Spying the group of buildings over the road, she enquired with the Shire if she could use them instead, saving her having to pack up every day.

The rest is history.

The creative spinner has now established a local craft shop in the brick building which was once kitchen to the Mount Pleasant Inn, packed to the rafters with handcrafted fibres, yarns and garments.

Ms Abel jumped on board a year ago, after moving to Wagin and wanting to learn to spin herself.

“It all started when my husband bought me my four alpacas and I didn’t want to waste their fibre,” she said.

Ms O’Connell taught her the art of spinning, and Ms Abel swiftly became part of the furniture.

“It’s my anniversary this month of 12 months of spinning,” she said. “Now I’ve started knitting as well as crocheting.”

Together, they spin, make, mix and dye their own fibres, which they sell or knit into garments, and are slowly teaching more and more ladies the art of spinning.

Leaning into the historical side of things, the pair attend local agricultural shows and the monthly Katanning markets donning traditional black and white gowns and bonnets to get people’s attention.

“It’s marvellous the amount of people we’ve got coming to do a spin,” Ms O’Connell said.

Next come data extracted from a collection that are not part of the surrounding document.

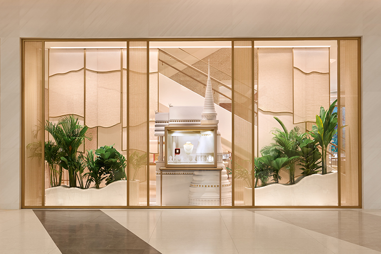 ผลงานสร้างสรรค์ที่ได้รับการออกแบบอย่างพิถีพิถันในทุกมุมของบูติคแห่งนี้ ไม่เพียงสะท้อนความงดงามของสถาปัตยกรรมไทย แต่ยังเป็นการเชิดชูงานศิลปะหัตถกรรมดั้งเดิม ตั้งแต่การประดับกระจกที่สะท้อนแสงระยิบระยับ ไปจนถึงศิลปะการต่อไม้ งานปักผ้า และงานลงรักปิดทอง ทุกองค์ประกอบล้วนถ่ายทอดความมุ่งมั่นของคาร์เทียร์ในการสืบสานมรดกทางวัฒนธรรมผ่านมุมมองแบบร่วมสมัย บูติคแห่งนี้จึงไม่ใช่เพียงสถานที่จัดแสดงเครื่องประดับ แต่เสมือนแกลเลอรี่มีชีวิต ที่หลอมรวมศิลปะ จินตนาการ และความประณีตเข้าไว้ด้วยกันอย่างลงตัว
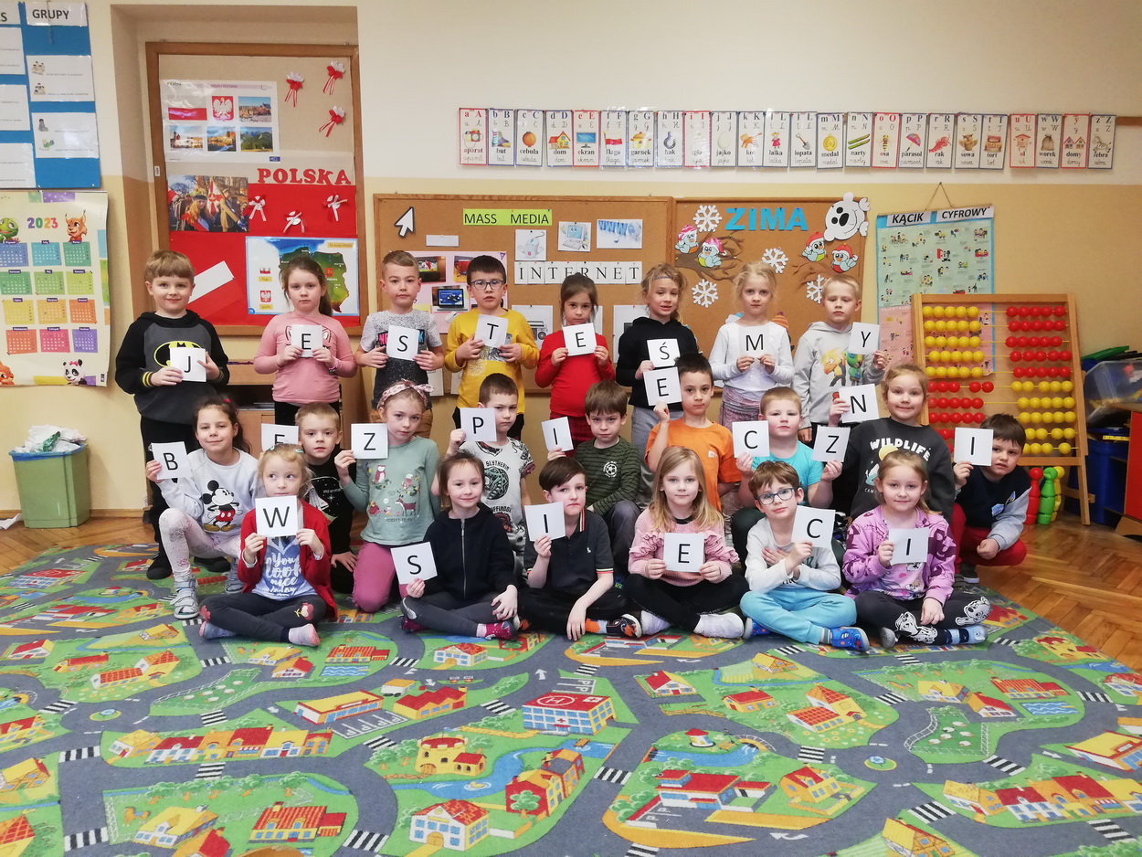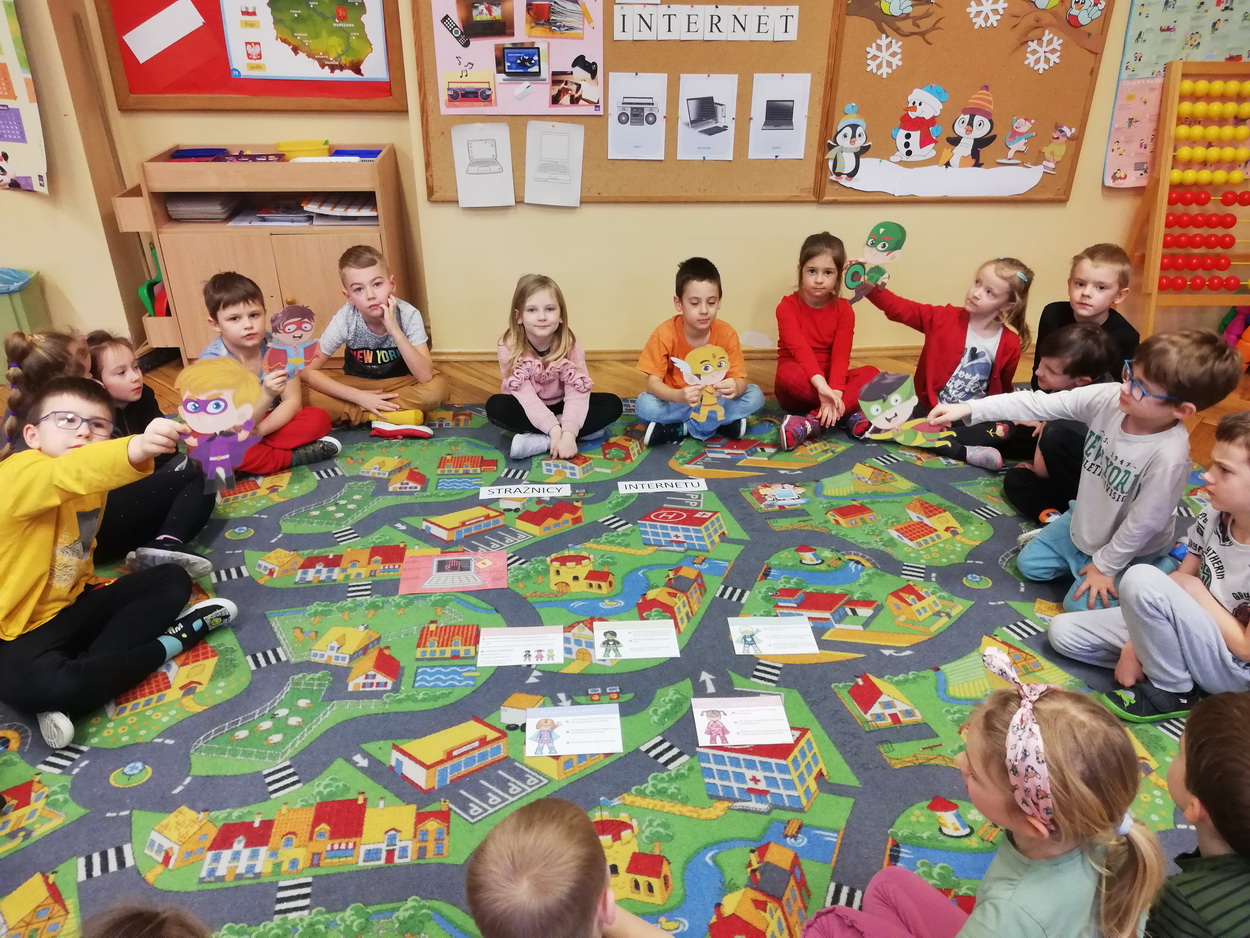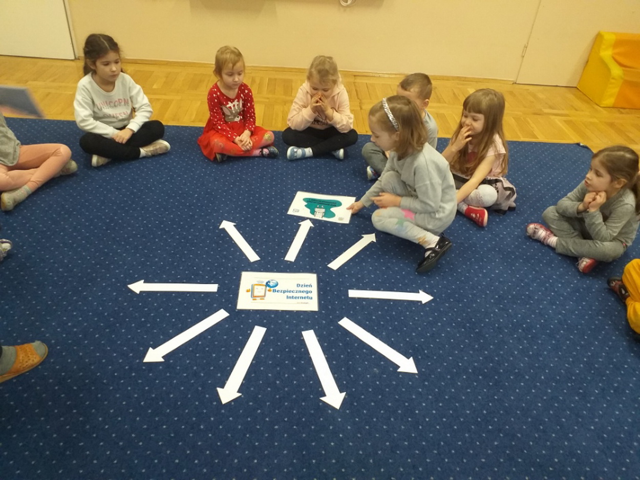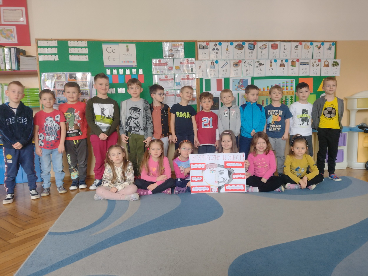 7 lutego starsze grupy przedszkolne obchodziły Dzień Bezpiecznego Internetu. Przedszkolaki zostały zapoznane z podstawowymi zasadami bezpiecznego korzystania z zasobów internetowych. Dzieci doskonale poradziły sobie z quizem dotyczącym Internetu, jego walorów i zagrożeń. Podsumowaniem ustalonych zasad było wykonanie plakatu “Bezpieczny w sieci!”. Wychowankowie na macie do kodowania ułożyli symbol sieci wi-fi, a także stworzyli “własną sieć”, dzięki której mogli wysłać wiadomość do swojego kolegi. Niesamowitą atrakcją, wprowadzającą do świata technologii, było również samodzielne wykonanie laptopów, które ułatwiają komunikację na odległość.
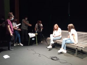 En este impresionante espacio escénico de la localidad, fue donde decidimos llevar a cabo el cortometraje «Out of control» diseñado de forma colaborativa por el grupo del IES Vegas Bajas. Contamos con la dirección artística de Laura Moreira para extraer las dotes interpretativas de las actrices y actor del corto. Fue fundamental contar con el apoyo del equipo técnico del Teatro quienes no sólo facilitaron en todo momento el trabajo sino que nos hicieron sentir como en casa y nos dieron alas para poder sacar toda la «pringue» al momento.

“We’ve got five or six ladies from around the place that come to do one on one spinning classes.”

Their students are from a range of locations and age demographics, from Perth to the Wheatbelt, and women in their 30’s to one woman who wanted to learn the art at 83.

If people stop in for a browse, the ladies are also more than happy to give them a tour of the precinct.

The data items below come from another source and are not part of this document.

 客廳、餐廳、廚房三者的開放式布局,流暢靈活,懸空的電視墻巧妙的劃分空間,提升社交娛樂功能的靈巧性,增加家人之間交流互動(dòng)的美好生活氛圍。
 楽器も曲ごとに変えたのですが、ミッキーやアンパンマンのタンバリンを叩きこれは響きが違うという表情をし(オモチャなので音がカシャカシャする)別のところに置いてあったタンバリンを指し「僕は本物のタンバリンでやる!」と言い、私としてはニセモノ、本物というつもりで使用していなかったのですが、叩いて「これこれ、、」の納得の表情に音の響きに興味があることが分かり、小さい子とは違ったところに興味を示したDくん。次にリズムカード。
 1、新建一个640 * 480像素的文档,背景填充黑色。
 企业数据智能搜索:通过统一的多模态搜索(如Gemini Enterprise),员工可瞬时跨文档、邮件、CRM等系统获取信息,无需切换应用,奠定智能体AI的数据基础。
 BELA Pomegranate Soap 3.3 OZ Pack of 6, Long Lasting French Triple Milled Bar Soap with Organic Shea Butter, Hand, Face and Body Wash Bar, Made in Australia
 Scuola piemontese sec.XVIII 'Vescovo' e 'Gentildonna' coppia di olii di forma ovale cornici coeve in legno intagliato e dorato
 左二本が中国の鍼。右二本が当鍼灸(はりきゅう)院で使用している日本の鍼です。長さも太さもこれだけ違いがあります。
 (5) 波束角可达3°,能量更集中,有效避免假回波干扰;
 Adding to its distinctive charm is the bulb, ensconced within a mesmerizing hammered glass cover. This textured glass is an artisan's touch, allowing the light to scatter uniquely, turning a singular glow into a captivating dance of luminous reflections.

“We couldn’t be in a nicer building,” Ms Abel said.

“It’s got a lot of history — there’s still the old well and there’s all the fruit trees in the orchard still.”

“I just wish the Inn was still there,” Ms O’Connell added. “Imagine all of the people that would have stopped in to have a drink and pop in.”

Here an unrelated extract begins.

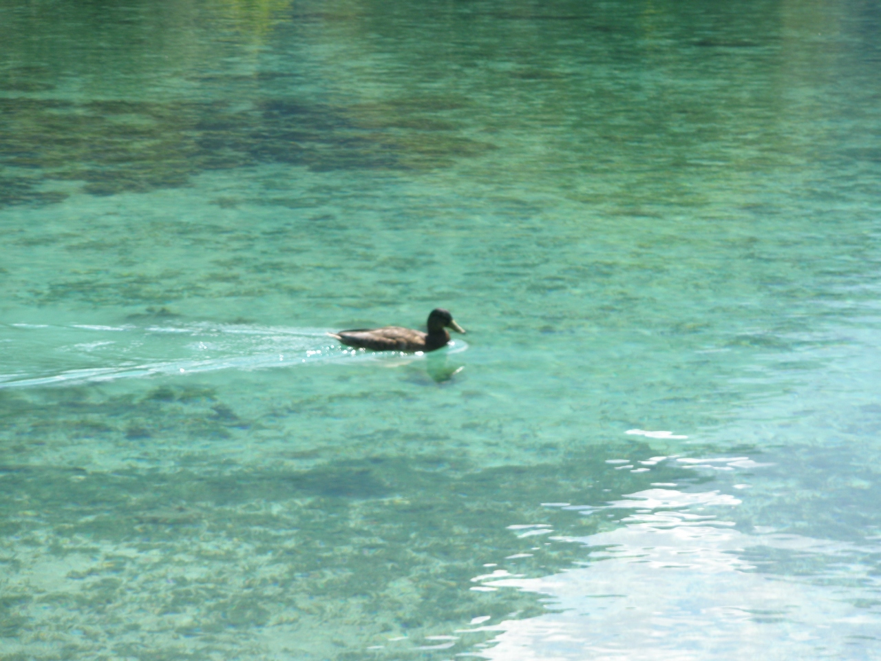 澄んだ水の中にはお魚が泳ぎ、カモサンたちも優雅に浮かんでいて、湖畔でのんびり寛げます。
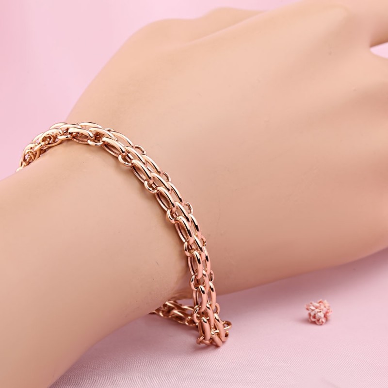 Bracciale in oro Oro russo 585 in Germania. L'eccellente bracciale è realizzato in classico oro rosso 14 carati utilizzando speciali tecnologie avanzate, che consentono, nonostante l'apparenza di volume, di ottenere un peso relativamente basso e quindi un costo relativamente basso. Questo prodotto metterà in risalto la tua elevata raffinatezza e il tuo profondo senso dello stile! Varietà alla moda di tessitura di ancoraggi.

Their hand-made garments have been purchased by interstate and even international customers, but there are also orders made closer to home, with the pair sourcing as much wool locally as they can.

They have made jumpers for farmers from their own sheep’s fleeces, and were gifted five fleeces by a local woolgrower at the Katanning Agricultural Show last month.

Ms O’Connell is also currently working on a sentimental piece, spinning fleeces from a local farm to create something for the farmer’s daughter’s 21st birthday.

The Wild Woolery is open Thursday to Saturday from 10am-2pm, or by appointment.